## Material provided
==========

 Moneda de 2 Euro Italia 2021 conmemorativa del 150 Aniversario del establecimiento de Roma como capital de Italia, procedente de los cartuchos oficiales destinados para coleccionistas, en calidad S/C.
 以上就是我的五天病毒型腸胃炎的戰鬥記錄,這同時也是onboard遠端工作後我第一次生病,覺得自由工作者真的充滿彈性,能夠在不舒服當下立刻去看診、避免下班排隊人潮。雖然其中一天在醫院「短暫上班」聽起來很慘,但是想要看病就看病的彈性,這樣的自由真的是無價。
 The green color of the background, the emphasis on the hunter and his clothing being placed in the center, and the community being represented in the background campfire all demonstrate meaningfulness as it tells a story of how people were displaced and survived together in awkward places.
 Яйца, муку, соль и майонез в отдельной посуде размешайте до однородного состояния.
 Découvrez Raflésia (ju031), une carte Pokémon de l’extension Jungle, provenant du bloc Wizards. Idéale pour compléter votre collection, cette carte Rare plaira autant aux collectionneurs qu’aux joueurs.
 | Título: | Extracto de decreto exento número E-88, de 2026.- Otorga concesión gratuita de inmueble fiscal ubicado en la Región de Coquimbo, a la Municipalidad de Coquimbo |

==========

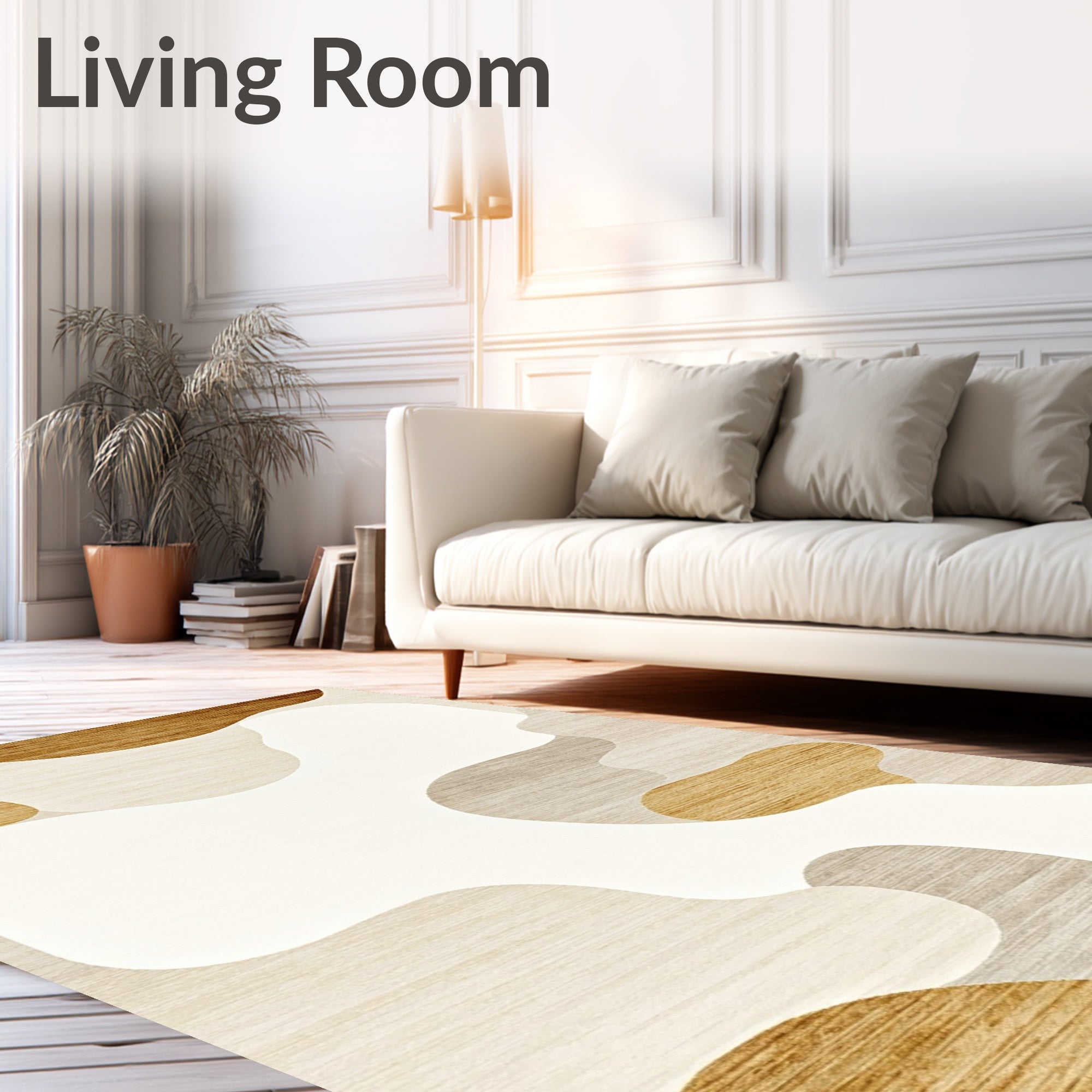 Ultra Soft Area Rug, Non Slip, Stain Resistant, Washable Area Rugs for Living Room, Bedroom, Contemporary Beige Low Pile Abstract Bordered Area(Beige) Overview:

==========

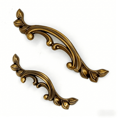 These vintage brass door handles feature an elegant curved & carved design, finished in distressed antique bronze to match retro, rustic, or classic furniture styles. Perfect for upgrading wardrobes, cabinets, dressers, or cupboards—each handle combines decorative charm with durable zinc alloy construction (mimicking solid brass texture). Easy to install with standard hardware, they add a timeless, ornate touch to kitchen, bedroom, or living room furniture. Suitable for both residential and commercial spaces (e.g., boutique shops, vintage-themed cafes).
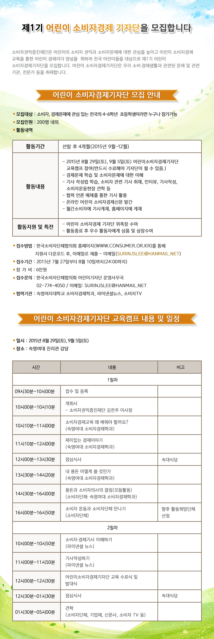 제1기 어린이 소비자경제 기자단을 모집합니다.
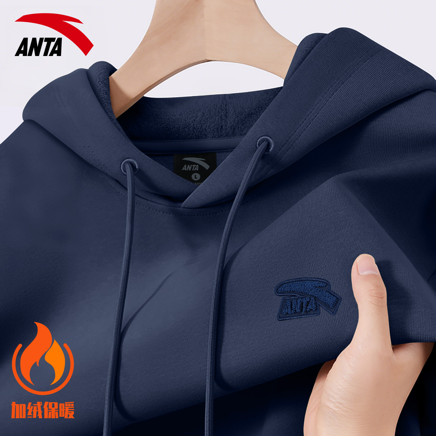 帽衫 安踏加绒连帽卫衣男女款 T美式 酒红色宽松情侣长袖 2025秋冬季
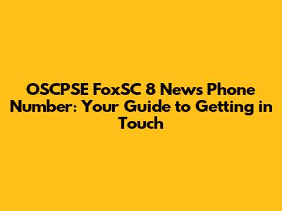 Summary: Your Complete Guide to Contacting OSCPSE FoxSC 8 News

==========

What do the entries above read from the line containing "帽衫 安踏加绒连帽卫衣男女款 T美式 酒红色宽松情侣长袖 2025秋冬季" through the line containing "Summary: Your Complete"? Output those lines exactly, both ends included, with the pictures left out.

## Written solution
 帽衫 安踏加绒连帽卫衣男女款 T美式 酒红色宽松情侣长袖 2025秋冬季
 Summary: Your Complete Guide to Contacting OSCPSE FoxSC 8 News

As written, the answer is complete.